Dataset extract:
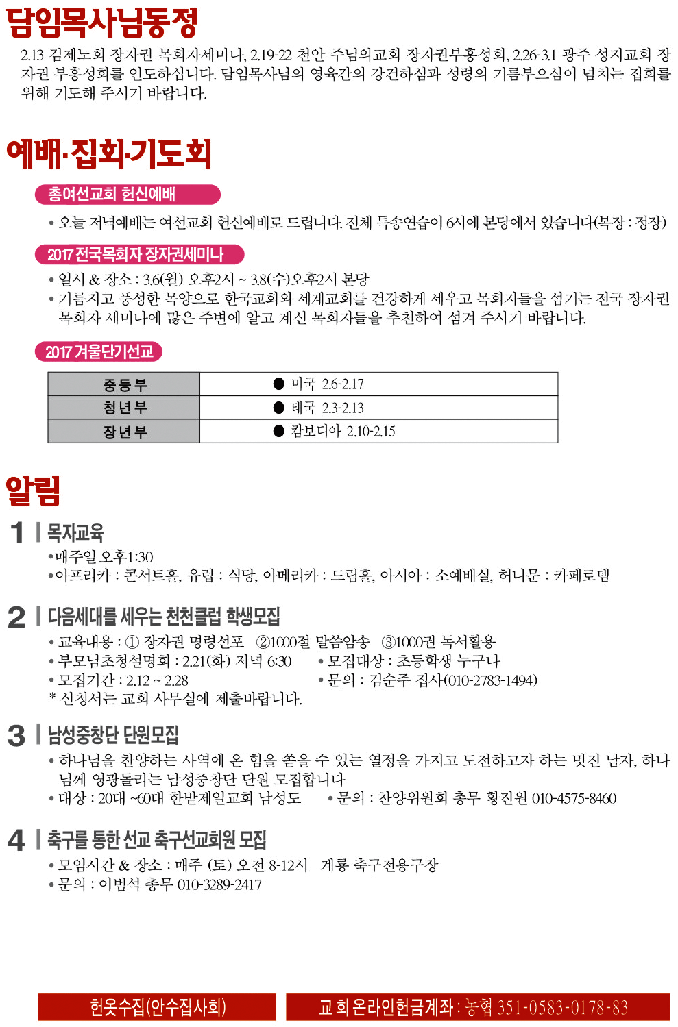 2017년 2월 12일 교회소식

...

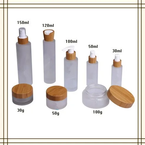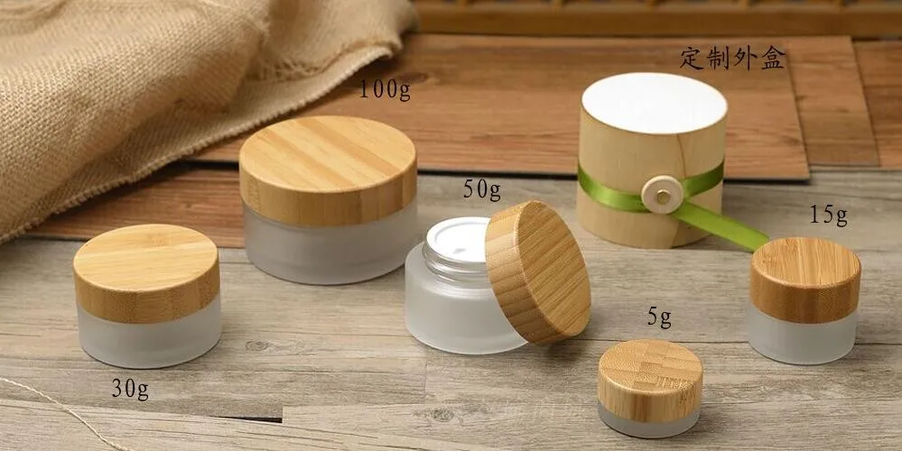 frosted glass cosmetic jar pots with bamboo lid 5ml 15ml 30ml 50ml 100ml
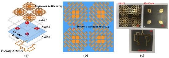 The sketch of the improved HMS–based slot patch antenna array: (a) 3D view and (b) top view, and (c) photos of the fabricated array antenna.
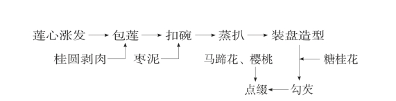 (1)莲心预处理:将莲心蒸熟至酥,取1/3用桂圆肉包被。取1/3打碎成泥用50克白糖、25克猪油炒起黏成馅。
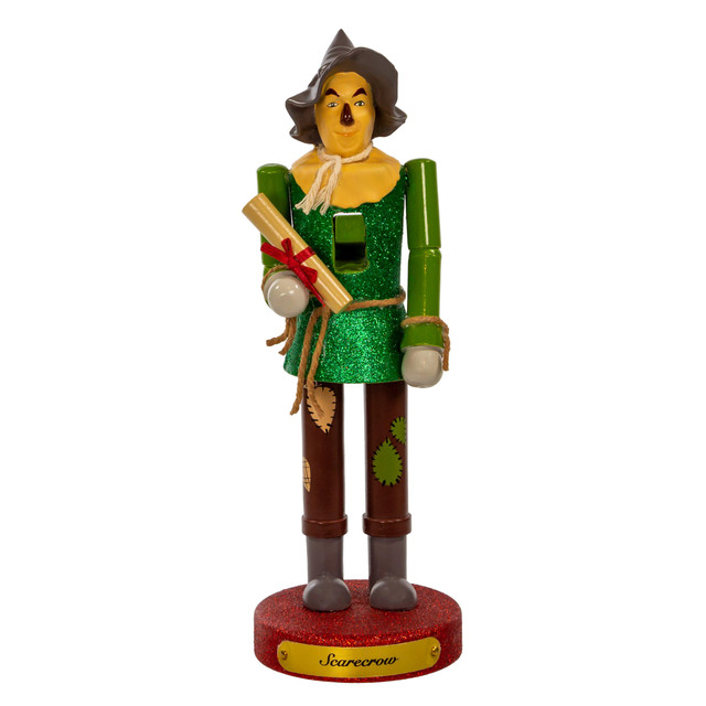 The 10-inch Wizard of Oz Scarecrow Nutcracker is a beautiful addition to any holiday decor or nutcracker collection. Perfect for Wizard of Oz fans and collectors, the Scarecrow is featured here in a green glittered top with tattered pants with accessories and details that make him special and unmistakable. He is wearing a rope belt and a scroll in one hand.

Task requirements:
Would you output only the span of the records above that opens with the line containing "The sketch of" and closes with the line containing "The 10-inch Wizard", ends included and pictures dropped?

Expected output:
 The sketch of the improved HMS–based slot patch antenna array: (a) 3D view and (b) top view, and (c) photos of the fabricated array antenna.
 (1)莲心预处理:将莲心蒸熟至酥,取1/3用桂圆肉包被。取1/3打碎成泥用50克白糖、25克猪油炒起黏成馅。
 The 10-inch Wizard of Oz Scarecrow Nutcracker is a beautiful addition to any holiday decor or nutcracker collection. Perfect for Wizard of Oz fans and collectors, the Scarecrow is featured here in a green glittered top with tattered pants with accessories and details that make him special and unmistakable. He is wearing a rope belt and a scroll in one hand.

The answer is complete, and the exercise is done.